J. J.'s answer and André Nicolas's second comment have shown why you cannot have exactly "10% Dutch, 90% English". This is because anyone born to parents who are a fraction $y$ Dutch and fraction $z$ Dutch respectively is $\displaystyle x = \frac{y+z}{2}$ Dutch, so we can inductively prove (assuming we start in the sufficiently distant past with ancestors who are either 100% Dutch or 0% Dutch) that $x$ must be a rational number whose denominator (in lowest terms) is a power of $2$. And in the fraction $\frac{1}{10}$, the denominator $10$ is not a power of $2$.
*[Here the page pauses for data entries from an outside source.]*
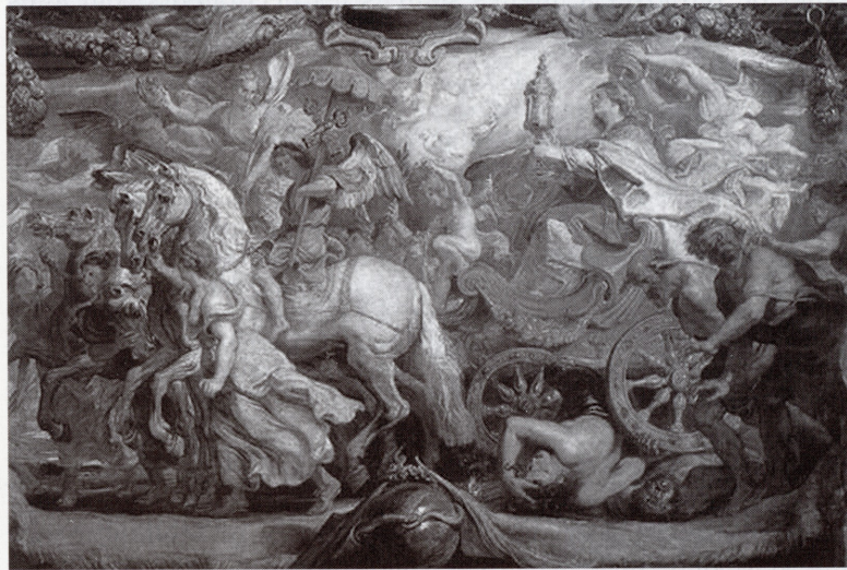
Fig. 3. – Rubens, Le triomphe de l'Église , esquisse pour les tapisseries des Descalzas Reales, Madrid, Musée du Prado, inv. 1698.

représentation sont fort lestement vêtues, et ce char est si bien composé qu'on diroit qu'il va rouler par la ville et qu'il commence à conduire l'Église en triomphe par nos rues. » 42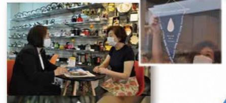
● 第一生命保険株式会社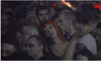
DUSTIN de Naïla Guiguet France

PRIX DES JEUNES CINÉPHILES COURTS MÉTRAGES FRANÇAIS 1 000€ offerts à la réalisatrice par l' Institut français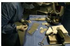
Photo 5 – Chirurgie réparatrice. Préparation d'un greffon avant pose sur le patient.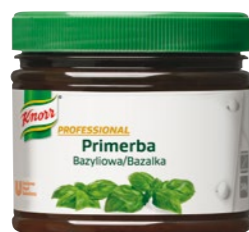
PRIMERBA Bazalka 340 g

Veľmi kvalitné pasty z voňavých bylín a zeleniny, ktoré boli šetrne spracované ihneď po zbere, bez konzervantov a pridaných farbív. Ideálne na prípravu studených aj teplých jedál.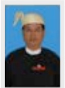
ဦးဝင်းကို အဖွဲ့ဝင်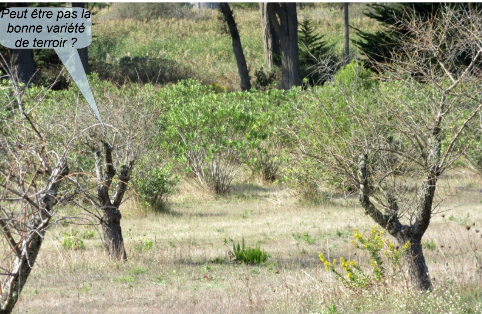
Amandiers et lauriers roses

Les lauriers roses en arrière plan sont cultivés en vue de repeupler les berges de rivières. Les rivières sont périodiquement « recalibrées » suite aux crues... Ces intervention détruisent les peuplements de lauriers des berges.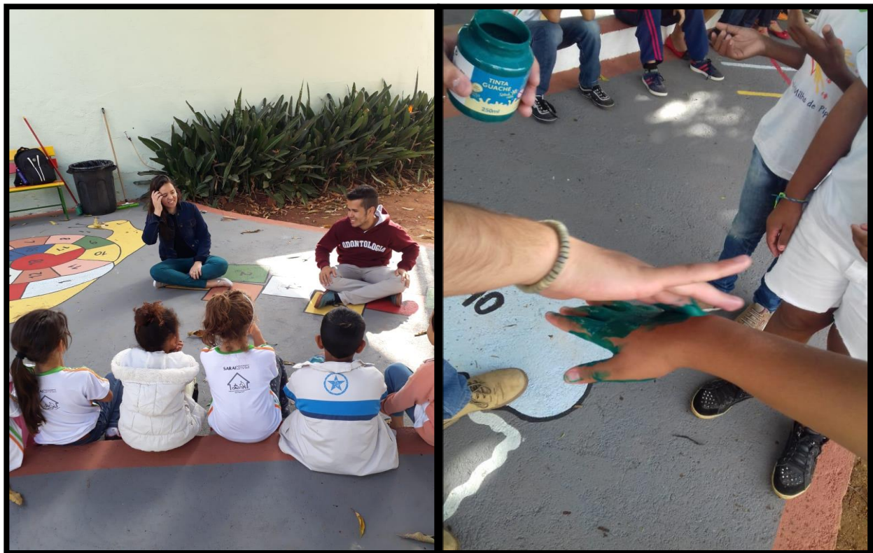
Figura 2. Atividades de Educação em Saúde Bucal. Na figura do lado esquerdo, dinâmica de higienização das mãos onde as crianças percebem, por meio das mãos pintadas com guache, como ocorrem as contaminações cruzadas e transmissões de doenças. Na figura do lado direito, após o jogo de perguntas e respostas, os acadêmicos dão um feedback com aprofundamento dos temas abordados.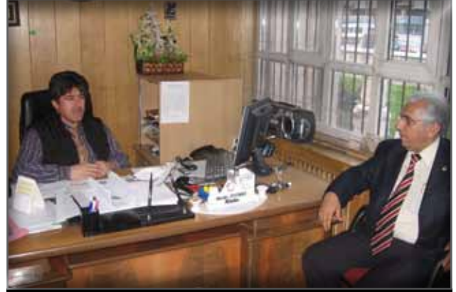
Afyon Müze Müdürlüğü'ne Ziyaret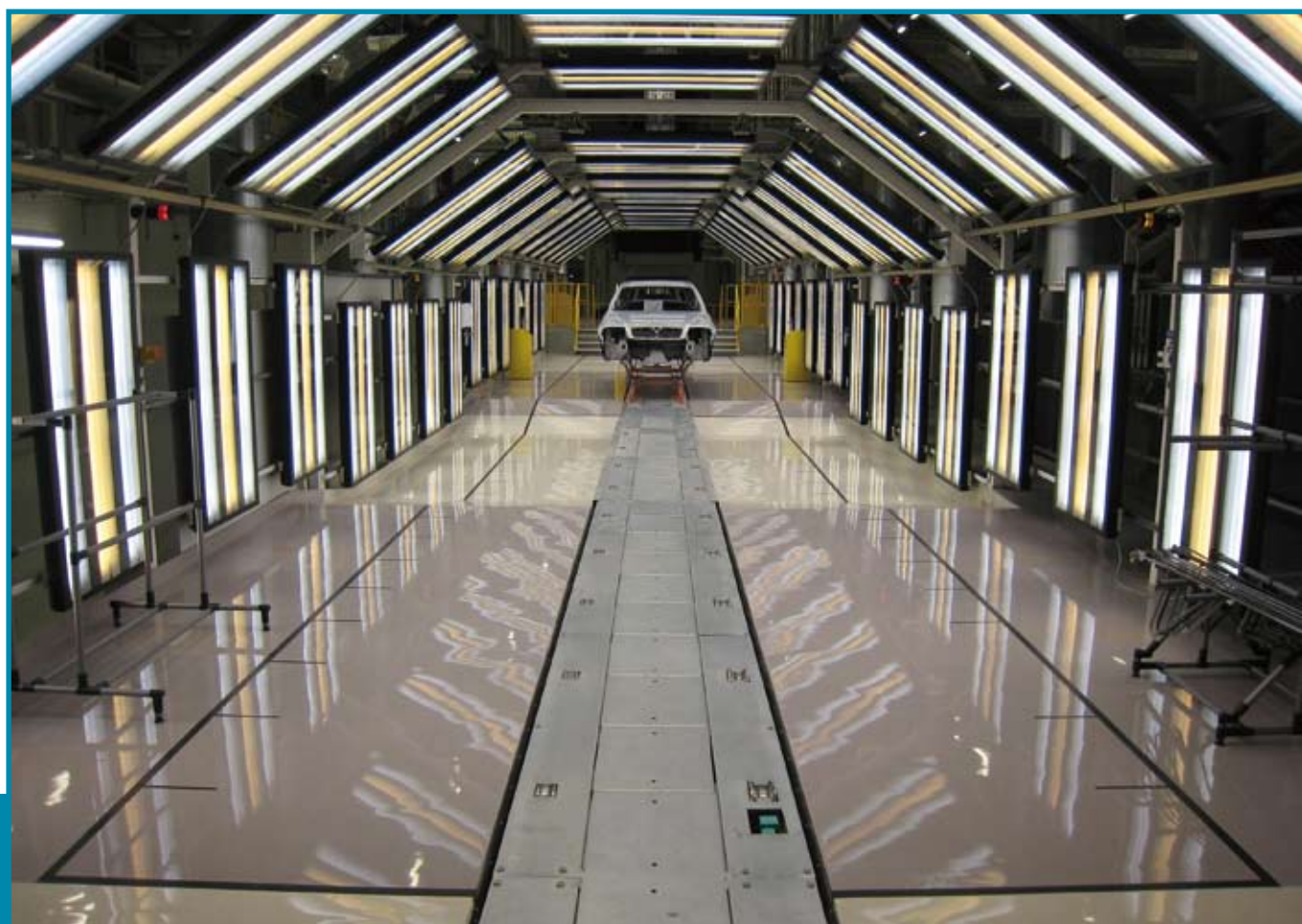
Stahlbühnenbeschichtung für DÜRR im Paintshop-Endkontrolltunnel bei VW in Kaluga/Russland • Покрытие для стальной платформы для фирмы DÜRR в туннеле конечного контроля в лакокрасочном цехе на заводе VW в Калуге/Россия • Steel platform coating for DÜRR in the Paintshop Final Control Tunnel at VW in Kaluga/Russia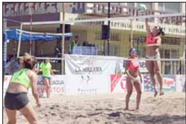
El Voleibol Arena se inicia hoy viernes, desde las 17 horas, y continuará el sábado y domingo.

iniciará a partir de las 9,00 de la mañana.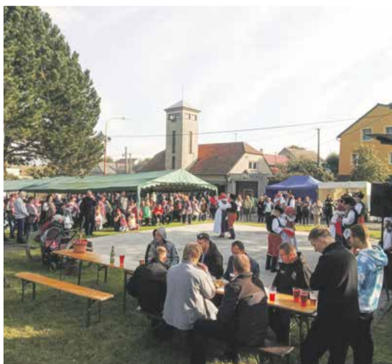
Svatováclavské hody v roce 2022.

V roce 1884 byla na návsi postavena kaple zasvěcená sv. Václavu. U cesty zvané „Napoleonka“, nad obcí směrem ke Konici, stojí malá kaplička zasvěcená sv. Liborovi. Stavba kapličky (původně boží muka dle historických pramenů z roku 1669) byla do dnešní podoby přestavěna v roce 1910 a v roce 2018 zrenovována. Sbor dobrovolných hasičů byl v obci zřízen v roce 1887 a jeho činnost trvá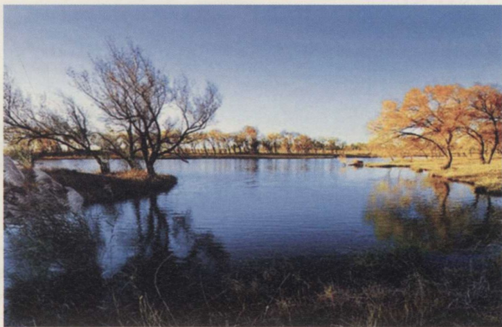
▼幽静的巴林左旗湖泊

也是如此。相传远古时候，有个“神人”乘着一匹雄健的白马，自马孟山（今内蒙古喀喇沁旗马鞍山）沿土河（今内蒙古老哈河）从上游来到下游，遇到了一个骑着青牛的美貌少女，少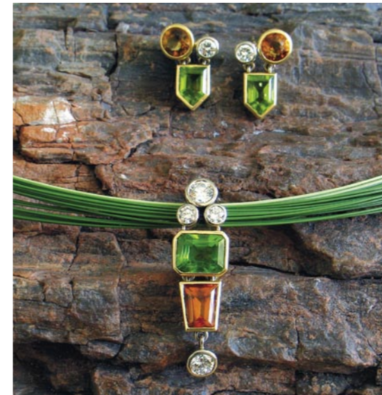
Tähän persoonalliseen korusarjaan on käytetty jalokivinä peridootteja, sitriinejä ja timantteja.

tui hyvin arvosanoin kellosepäksi jouluna 1949. Plakkariin työnnettiin ensimmäinen itse valmistettu taskukello.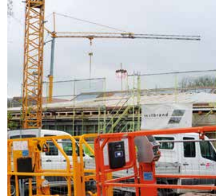
Der Richtkranz steht über dem Rohbau.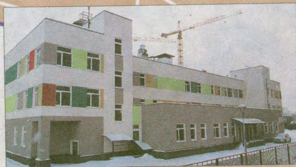
Детский сад на 140 мест пр. Космонавтов 102, корп.2 стр.1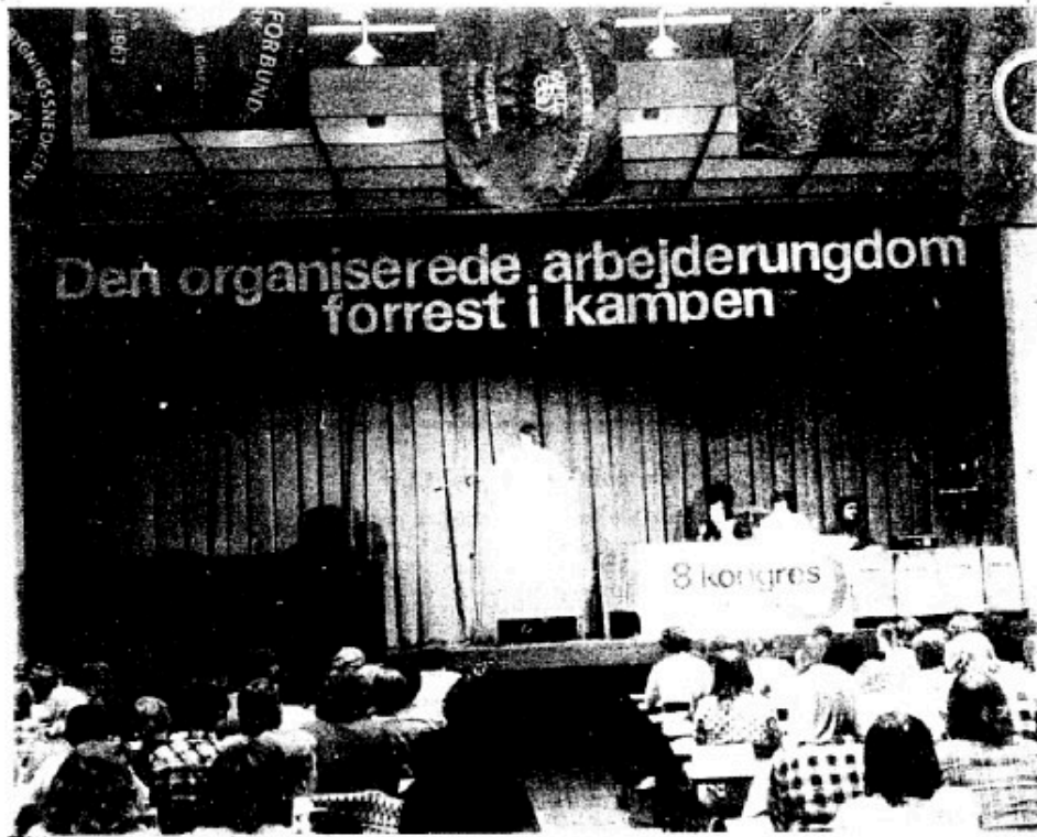
LLO's kongres - lønkrav og EFG i centrum

Birthe, Metal afd. 13 : »Vores overenskomstkrav må være 1) Lærlinge under svendeoverenskomster og garantiløn fra første læreår, altså »fagets mindsteløn«. 2) EFG-lønnen indføres straks og betales af arbejdsgiverne, altså som overenskomstkrav. Klub 20 (klubben på metalskolen i Ballerup, landets største EFG-skole) har kontaktet metal-fagforeningerne i København, og holdt møde for alle lærlingeklubber i København, hvor de havde opbakning bag kravene.

However, note that you can get arbitrarily close to "10% Dutch, 90% English", with enough generations. Specifically, with $k$ generations, since you want $\displaystyle \frac{p}{2^k} \approx \frac{1}{10}$, you can pick $p$ to be the closest integer to $\displaystyle \frac{2^k}{10}$. So you can have, after
- 3 generations: $(1/8, 7/8) = (12.5\%, 87.5\%)$
- 5 generations: $(3/32, 29/32) = (9.375\%, 90.625\%)$
- 7 generations: $(13/128, 115/128) = (10.15625\%, 89.84375\%)$
- 9 generations: $(51/512 , 461/512) = (9.9609375\%, 90.0390625\%)$
- 11 generations: $(205/2048 , 1843/2048) = (10.009765625\%, 89.990234375\%)$
- 13 generations: $(819/8192 , 7373/8192) = (9.99755859375\%, 90.0024414062\%)$
etc.
(Aside: Perhaps there's a way to do these approximations using continued fractions, but I can't think of anything.)